--- START ---

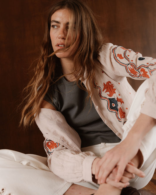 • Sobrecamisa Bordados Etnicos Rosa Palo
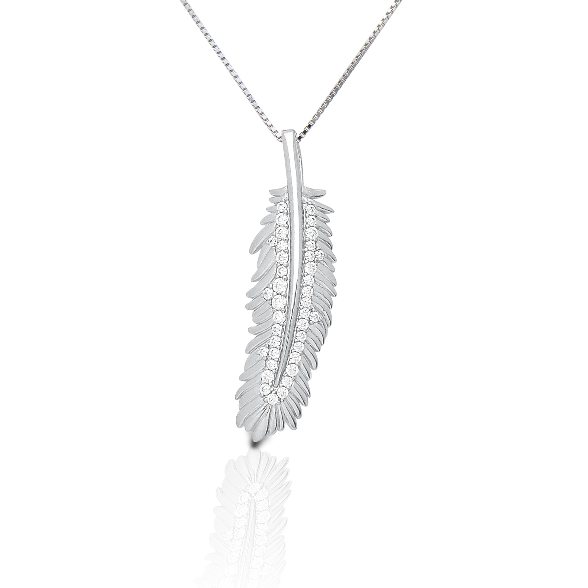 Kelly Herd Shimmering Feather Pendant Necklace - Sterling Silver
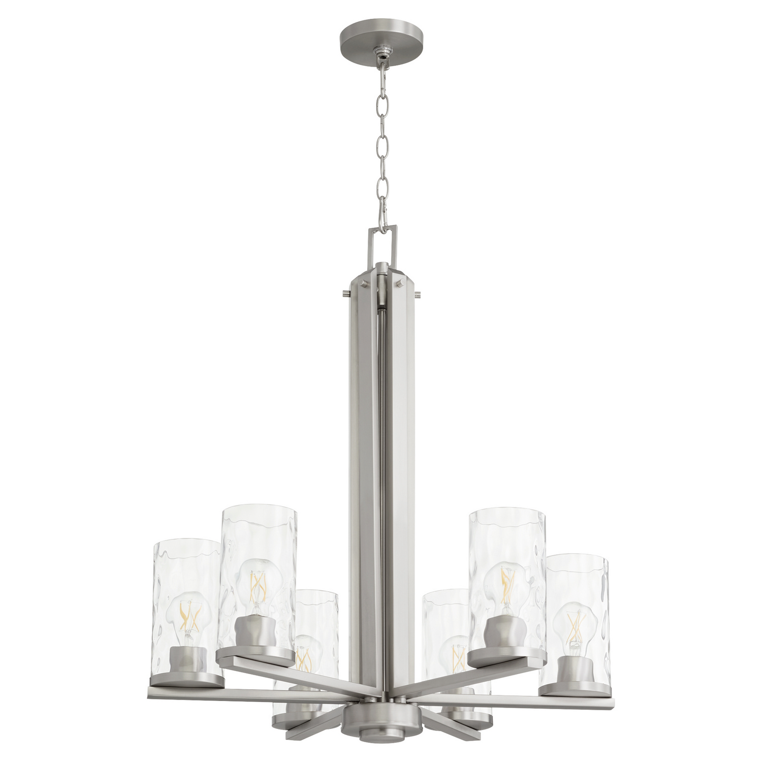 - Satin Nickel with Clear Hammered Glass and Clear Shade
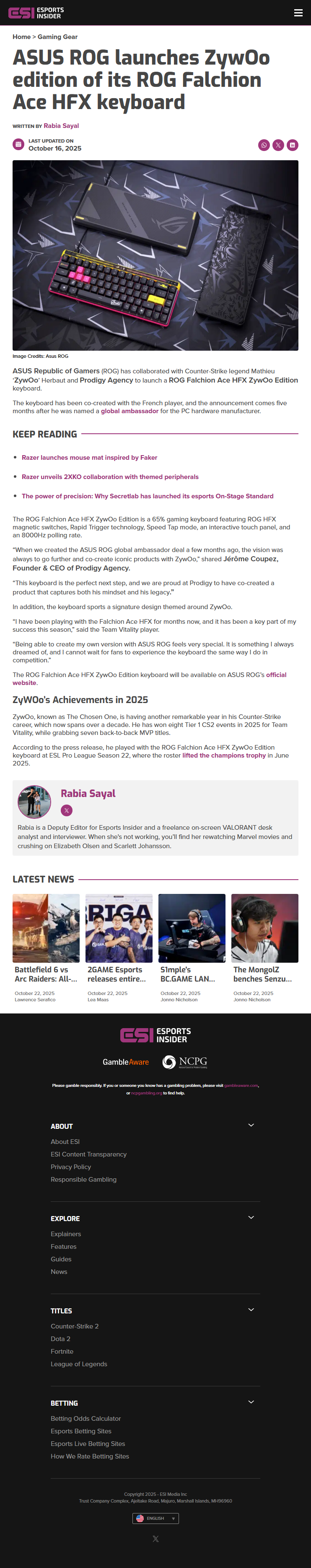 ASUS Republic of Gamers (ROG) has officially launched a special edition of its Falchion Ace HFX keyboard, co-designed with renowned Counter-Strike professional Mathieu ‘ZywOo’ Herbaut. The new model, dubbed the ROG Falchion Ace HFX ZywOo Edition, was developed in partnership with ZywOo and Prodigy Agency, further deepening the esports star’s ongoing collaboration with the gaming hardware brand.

--- END ---

### Problem to work on
Pictures must be left out. Repeat exactly the lines from the one containing "Kelly Herd Shimmering" through the final line of the data.

### Exercise response
 Kelly Herd Shimmering Feather Pendant Necklace - Sterling Silver
 - Satin Nickel with Clear Hammered Glass and Clear Shade
 ASUS Republic of Gamers (ROG) has officially launched a special edition of its Falchion Ace HFX keyboard, co-designed with renowned Counter-Strike professional Mathieu ‘ZywOo’ Herbaut. The new model, dubbed the ROG Falchion Ace HFX ZywOo Edition, was developed in partnership with ZywOo and Prodigy Agency, further deepening the esports star’s ongoing collaboration with the gaming hardware brand.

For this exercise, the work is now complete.